MegEngine/imperative/python/megengine/amp/grad_scaler.py

# MegEngine is Licensed under the Apache License, Version 2.0 (the "License")
#
# Copyright (c) 2014-2021 Megvii Inc. All rights reserved.
#
# Unless required by applicable law or agreed to in writing,
# software distributed under the License is distributed on an
# "AS IS" BASIS, WITHOUT ARRANTIES OR CONDITIONS OF ANY KIND, either express or implied.
from typing import Iterable, List, Union

import numpy as np

from ..autodiff import GradManager
from ..functional import full_like
from ..functional.math import _check_non_finite
from ..tensor import Tensor


class GradScaler:
    r"""A helper class that performs grad scaling to prevent from data overflow in
    :class:`~.autocast` mode.

    Args:
        init_scale: Initial scale factor.
        growth_factor: Factor that the scale is multiplied by in actual
            :meth:`update` stage. If growth_factor is 0, scale_factor will not update.
        backoff_factor: Factor that the scale is multiplied by when encountering
            overflow grad.
        growth_interval: The interval between two scale update stages.

    Example:
        .. code-block::

           gm = GradManager()
           opt = ...
           scaler = GradScaler()

           gm.attach(model.parameters())

           @autocast()
           def train_step(image, label):
               with gm:
                   logits = model(image)
                   loss = F.nn.cross_entropy(logits, label)
                   scaler.backward(gm, loss)
               opt.step().clear_grad()
               return loss

        If need more flexible usage, could split ``scaler.backward`` into three lines:

        .. code-block::

           @autocast()
           def train_step(image, label):
               with gm:
                   logits = model(image)
                   loss = F.nn.cross_entropy(logits, label)
                   gm.backward(loss， dy=megengine.tensor(scaler.scale_factor))
               scaler.unscale(gm.attached_tensors())
               scaler.update()
               opt.step().clear_grad()
               return loss

        This is useful when need to accumulate grads for multi batches.
    """

    def __init__(
        self,
        init_scale: float = 2.0 ** 4,
        growth_factor: float = 2.0,
        backoff_factor: float = 0.5,
        growth_interval: int = 2000,
    ):
        self.scale_factor = float(init_scale)
        self.growth_factor = float(growth_factor)
        self.backoff_factor = float(backoff_factor)
        self.growth_interval = growth_interval

        self._growth_tracker = 0
        self._found_non_finite = False

    def backward(
        self,
        gm: GradManager,
        y: Union[Tensor, List[Tensor]] = None,
        dy: Union[Tensor, List[Tensor]] = None,
        *,
        unscale_grad: bool = True,
        update_scale: bool = "if_unscale_grad"
    ):
        r"""A wrapper of GradManager's :meth:`~.GradManager.backward`, used to scale
        ``y``'s grad and unscale parameters' grads.

        Args:
            gm: The to be wrapped GradManager.
            y: Same as GradManager backward's ``y``.
            dy: Same as GradManager backward's ``dy``. Will be multiplied
                by ``scale_factor``.
            unscale_grad: Whether do :meth:`unscale` at the same time. Could be
                ``False`` if needs to accumulate grads.
            update_scale: Same as :meth:`unscale`'s ``update``. Will be ignored
                if ``unscale_grad`` is ``False``.
        """
        # These checks should be consistent with GradManager's
        if y is None:
            ys = []
        elif isinstance(y, (tuple, list)):
            ys = y
        else:
            ys = [y]
        if dy is None:
            dys = [full_like(y, self.scale_factor) for y in ys]
        elif isinstance(dy, (tuple, list)):
            dys = [dy_ * self.scale_factor for dy_ in dy]
        else:
            dys = [dy * self.scale_factor]

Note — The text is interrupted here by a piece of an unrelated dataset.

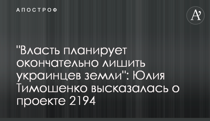 По мнению лидера "Батькивщины", указанный законопроект продолжает стратегию власти по распродаже земли иностранцам и ставит точку на украинском фермерстве.

        gm.backward(y=ys, dy=dys)

        if unscale_grad:
            self.unscale(gm.attached_tensors())
            if update_scale:
                self.update()

    def unscale(self, grad_tensors: Iterable[Tensor]):
        r"""Unscale all ``grad_tensors``'s grad.

        Args:
            grad_tensors: Tensors needed to unscale grads. Should be all tensors
                that are affected by ``target`` tensor in GradManager's backward.
        """
        if self.growth_interval == 0:
            # use float64 for better precision
            inv_scale = Tensor(1.0 / self.scale_factor)
            for tensor in grad_tensors:
                if tensor is None or getattr(tensor, "grad", None) is None:
                    continue
                tensor.grad *= inv_scale
            return self

        # to support tracing, _check_gradients should be applied to every grad.
        if self._check_gradients(
            [x.grad for x in grad_tensors], 1.0 / self.scale_factor
        ):
            self._found_non_finite = True
            for tensor in grad_tensors:
                if tensor is None or getattr(tensor, "grad", None) is None:
                    continue
                tensor.grad = None
        return self

    def _check_gradients(self, grad, scale):
        return _check_non_finite(grad, scale)

    def update(self, new_scale: float = None):
        r"""Update the scale factor according to whether encountered overflow grad.
        If ``new_scale`` is provided, internal update mechanism will be ignored.
        """
        if self.growth_interval == 0:
            return

        if new_scale is not None:
            self.scale_factor = float(new_scale)
        else:
            if self._found_non_finite:
                self.scale_factor *= self.backoff_factor
                self._growth_tracker = 0
            else:
                self._growth_tracker += 1
                if self._growth_tracker >= self.growth_interval:
                    self.scale_factor *= self.growth_factor
                    self._growth_tracker = 0
        self._found_non_finite = False

    def state_dict(self):
        return {
            "scale_factor": self.scale_factor,
            "growth_factor": self.growth_factor,
            "backoff_factor": self.backoff_factor,
            "growth_interval": self.growth_interval,
            "_growth_tracker": self._growth_tracker,
        }

    def load_state_dict(self, state):
        self.scale_factor = state["scale_factor"]
        self.growth_factor = state["growth_factor"]
        self.backoff_factor = state["backoff_factor"]
        self.growth_interval = state["growth_interval"]
        self._growth_tracker = state["_growth_tracker"]